Beberapa nama telah diserahkan kepada Tim Penilaian Akhir (TPA).
"Beberapa calon telah diajukan untuk posisi direktur utama. Hanya saja, langkah selanjutnya adalah melalui tahap evaluasi dan analisis mereka, kemarin kami menyarankan sejumlah nama. Pemilihan tersebut didasarkan pada beragam pertimbangan yang ada saat itu, jadi memberikan peluang bagi setiap kandidat," jelasnya.
Sebagai Direktur Utama PFN, salah satu tanggung jawab Ifan meliputi peninjauan terhadap penggabungan PFN bersama Lokananta serta Balai Pustaka untuk mendorong percepatan penyatuan ekosistem kreatif Badan Usaha Milik Negara (BUMN).

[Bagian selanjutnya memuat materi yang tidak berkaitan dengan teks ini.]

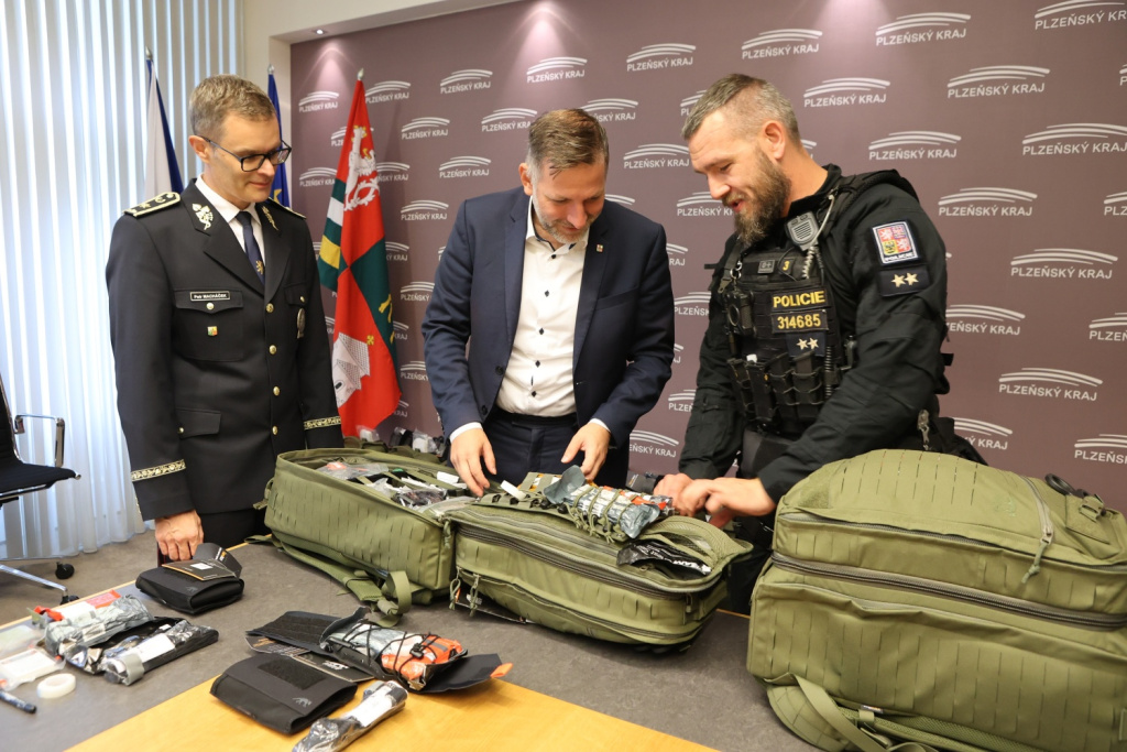 „Myšlenka dovybavit policejní jednotky, především ty prvosledové, zdravotnickým materiálem, vznikla na jednání Bezpečností rady Plzeňského kraje v reakci na útok na filozofické fakultě v Praze. Tam se ukázalo, jak je zásadní poskytnutí první pomoci policisty, kteří byli na místě tragédie,“ říká hejtman Plzeňského kraje Rudolf Špoták, který dnes za Plzeňský kraj předal zakoupený materiál pro PČR řediteli Krajského ředitelství policie Plzeňského kraje Petru Macháčkovi.
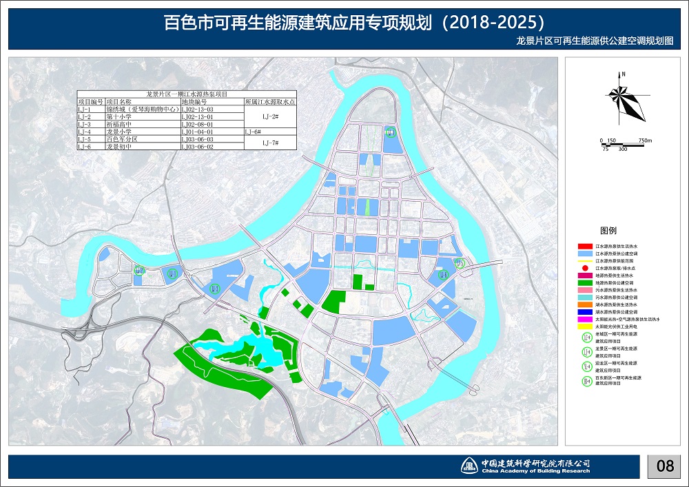 本規劃大規模應用江水源熱泵。劃針對百色市獨特的豐富水源——右江水系,專門制作江水源熱泵規劃專篇,研究江水源熱泵效率的各影響因子,以取排水點互不干擾為原則,科學排布取排水點。并根據建筑物布置確定江水源熱泵站點位置。

"Sudah benar pemerintah memperhatikan bahwa penggabungan BUMN perlu dilakukan lebih cepat. Salah satu contohnya adalah Balai Pustaka, PFN, dan Lokananta. Mereka akan disatukan menjadi bagian dari pusat konten atau apa pun nama itu sekarang, sementara studi tentang hal tersebut masih berlangsung," jelas Erick.